The best part of the Christmas story is that goodbyes aren’t forever anymore. One day, we will see the ones we have loved and missed all these years. One day God will wipe away every tear from our eyes. One day everything we’ve lost will be restored to us a thousand-fold.

Until then, live each day as a gift. Treasure the time you have and treasure the people around you, for you never know when they won’t be there.

 

It’s in the Details

“Let the peace of Christ keep you in tune with each other, in step with each other. None of this going off and doing your own thing. And cultivate thankfulness. Let the Word of Christ—the Message—have the run of the house. Give it plenty of room in your lives. Instruct and direct one another using good common sense. And sing, sing your hearts out to God! Let every detail in your lives—words, actions, whatever—be done in the name of the Master, Jesus, thanking God the Father every step of the way” (Colossians 3:15-17).

I’ve had a hard time coming up with something to write tonight. That happens to me periodically.
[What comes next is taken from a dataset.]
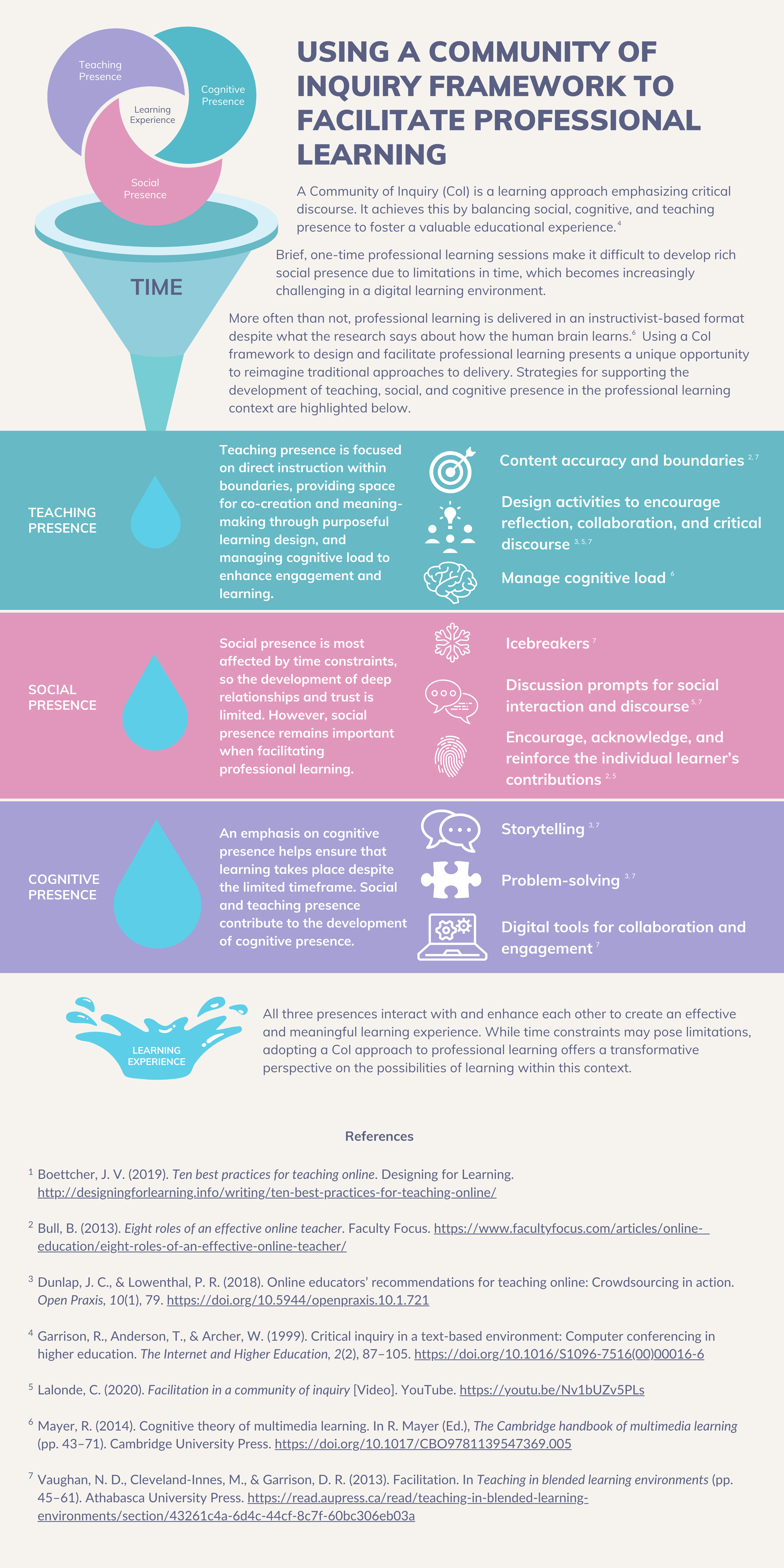 I really loved your approach focusing on one-time professional learning sessions because while I agree that the COI framework brings such a value through learner-centred education, that can be hard to achieve in the condensed amount of time provided for one-time professional training sessions. Your infographic with the funnel was a great visual representation of this.

I search my brain for a memory or a word or a phrase I heard earlier to trigger an idea that becomes a blog, but I get nothing. I can hear the wheels in my head a-turnin’, but apparently the hampster has gone off to sleep somewhere.

I do know that it’s useless to spend your whole life waiting for the next big event. If you’re single, that means waiting until you find someone to date. If you’re dating, that means waiting until you are engaged and then married. If you’re married, it means waiting until the first child is on the way. And so on.

If you’re not careful, you get so caught up in looking ahead in anticipation that you miss what is in front of you. A smiling face. A kind word. A small blessing.

Those little things help you along the road to becoming the person who is ready for the next big event. How you treat the people around you now will determine if you’re ready for your next phase.

So be compassionate now. Love unconditionally now. Be content now. Trust God now.

He will take care of getting you to the next step.